→ **DIRECTIONS**
Your task is to count the lines of the records that contain "laid". Answer with the number and nothing else.

→ **PROVIDED RECORDS**
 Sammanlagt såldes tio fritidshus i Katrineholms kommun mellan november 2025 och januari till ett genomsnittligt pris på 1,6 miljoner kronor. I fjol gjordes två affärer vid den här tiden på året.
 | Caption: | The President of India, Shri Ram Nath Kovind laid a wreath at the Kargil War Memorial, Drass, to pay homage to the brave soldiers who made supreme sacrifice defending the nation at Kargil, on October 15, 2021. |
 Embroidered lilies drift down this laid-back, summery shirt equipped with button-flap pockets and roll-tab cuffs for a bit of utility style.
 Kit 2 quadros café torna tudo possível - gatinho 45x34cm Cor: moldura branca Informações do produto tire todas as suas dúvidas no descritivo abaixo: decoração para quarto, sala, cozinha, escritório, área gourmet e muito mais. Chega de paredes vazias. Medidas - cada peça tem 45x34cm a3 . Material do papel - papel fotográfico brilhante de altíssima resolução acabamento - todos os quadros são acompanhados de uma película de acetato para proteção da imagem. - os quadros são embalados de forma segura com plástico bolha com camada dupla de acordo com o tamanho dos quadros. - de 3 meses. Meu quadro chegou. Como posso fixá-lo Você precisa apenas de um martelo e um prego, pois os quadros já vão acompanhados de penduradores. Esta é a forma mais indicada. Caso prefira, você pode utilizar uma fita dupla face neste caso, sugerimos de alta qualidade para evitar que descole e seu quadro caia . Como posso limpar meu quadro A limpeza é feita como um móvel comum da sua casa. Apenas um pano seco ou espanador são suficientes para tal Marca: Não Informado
==
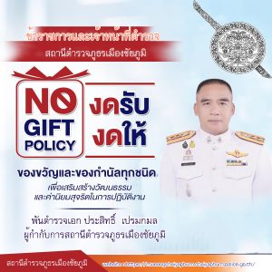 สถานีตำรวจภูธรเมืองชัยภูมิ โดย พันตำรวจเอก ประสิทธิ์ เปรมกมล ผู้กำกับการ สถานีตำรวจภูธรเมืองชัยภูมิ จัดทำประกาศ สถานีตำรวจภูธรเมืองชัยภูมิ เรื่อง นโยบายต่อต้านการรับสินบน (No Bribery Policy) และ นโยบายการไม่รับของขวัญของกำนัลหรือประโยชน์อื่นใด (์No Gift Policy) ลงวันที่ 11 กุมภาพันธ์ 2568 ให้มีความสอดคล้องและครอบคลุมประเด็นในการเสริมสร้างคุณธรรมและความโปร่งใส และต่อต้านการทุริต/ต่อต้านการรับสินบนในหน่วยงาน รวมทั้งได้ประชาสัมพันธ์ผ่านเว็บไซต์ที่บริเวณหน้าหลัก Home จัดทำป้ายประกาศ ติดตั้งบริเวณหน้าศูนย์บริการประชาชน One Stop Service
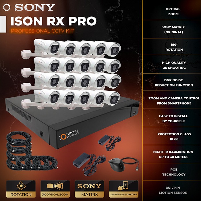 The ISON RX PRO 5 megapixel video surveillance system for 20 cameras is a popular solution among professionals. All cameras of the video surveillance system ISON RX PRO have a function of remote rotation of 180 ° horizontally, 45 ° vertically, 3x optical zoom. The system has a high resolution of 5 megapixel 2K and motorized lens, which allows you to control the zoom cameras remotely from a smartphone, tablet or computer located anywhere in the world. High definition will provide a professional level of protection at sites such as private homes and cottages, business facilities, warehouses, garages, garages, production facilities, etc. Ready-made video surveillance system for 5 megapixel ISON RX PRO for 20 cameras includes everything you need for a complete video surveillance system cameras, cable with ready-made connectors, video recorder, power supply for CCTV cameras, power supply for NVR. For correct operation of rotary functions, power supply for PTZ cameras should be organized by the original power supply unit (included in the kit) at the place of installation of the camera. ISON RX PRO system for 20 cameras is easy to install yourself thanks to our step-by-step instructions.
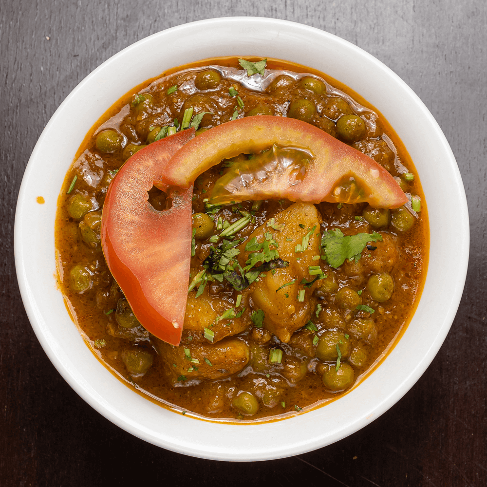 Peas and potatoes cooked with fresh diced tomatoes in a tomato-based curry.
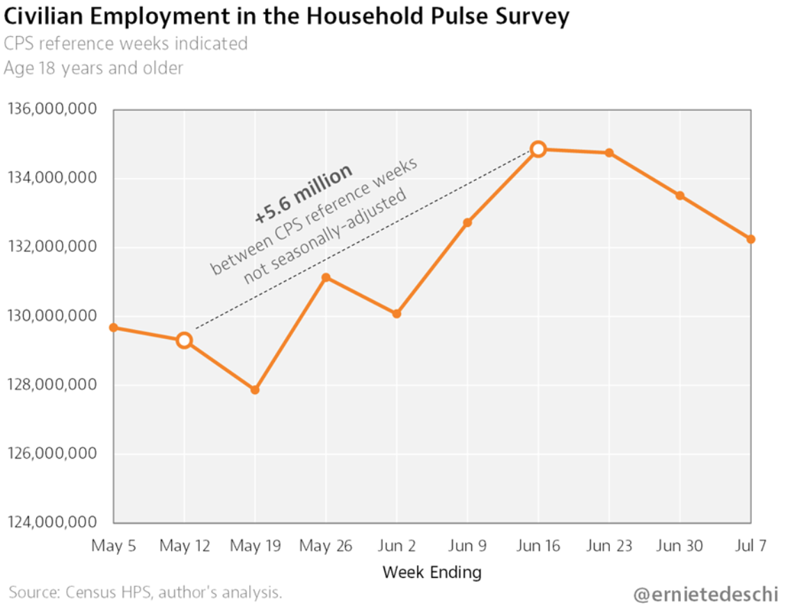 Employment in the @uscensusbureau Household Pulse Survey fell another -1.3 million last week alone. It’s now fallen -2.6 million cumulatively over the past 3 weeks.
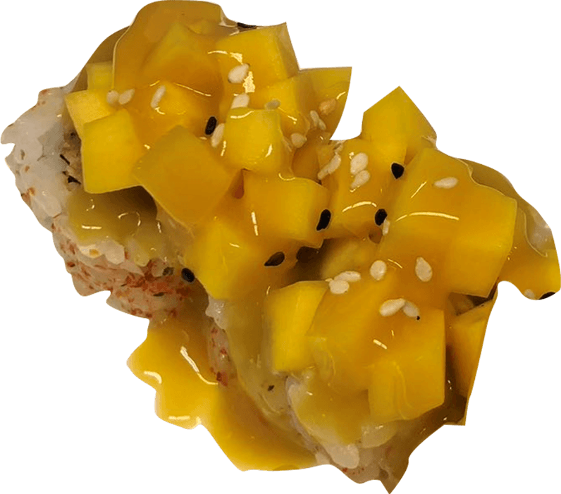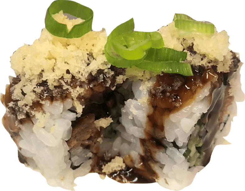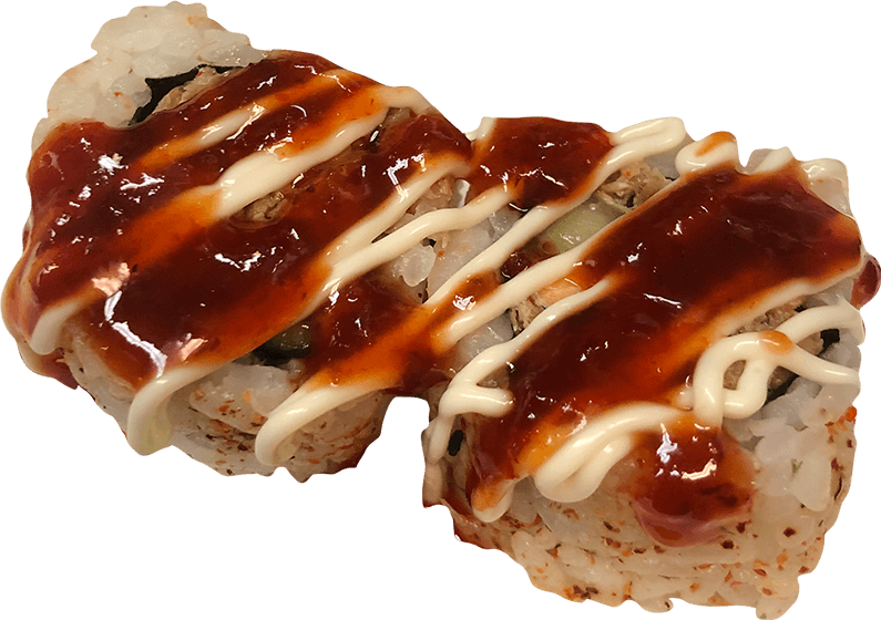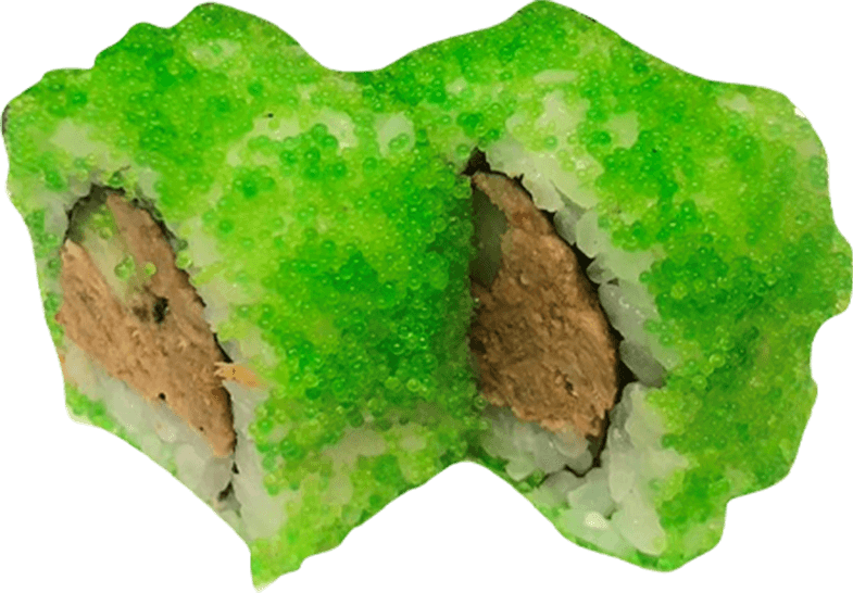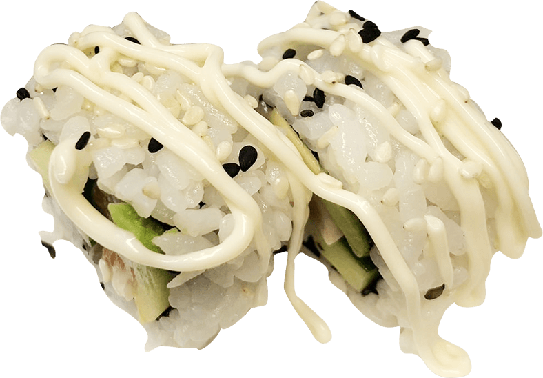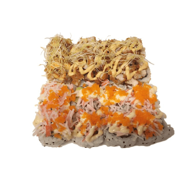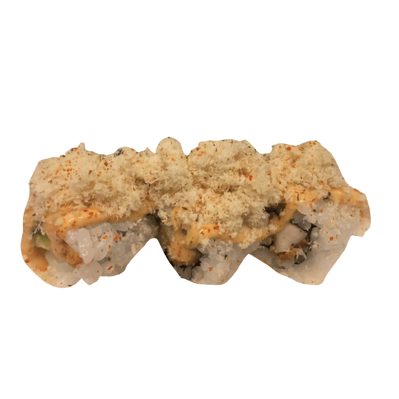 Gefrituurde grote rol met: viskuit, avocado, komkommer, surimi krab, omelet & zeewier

→ **ANSWER SECTION**
2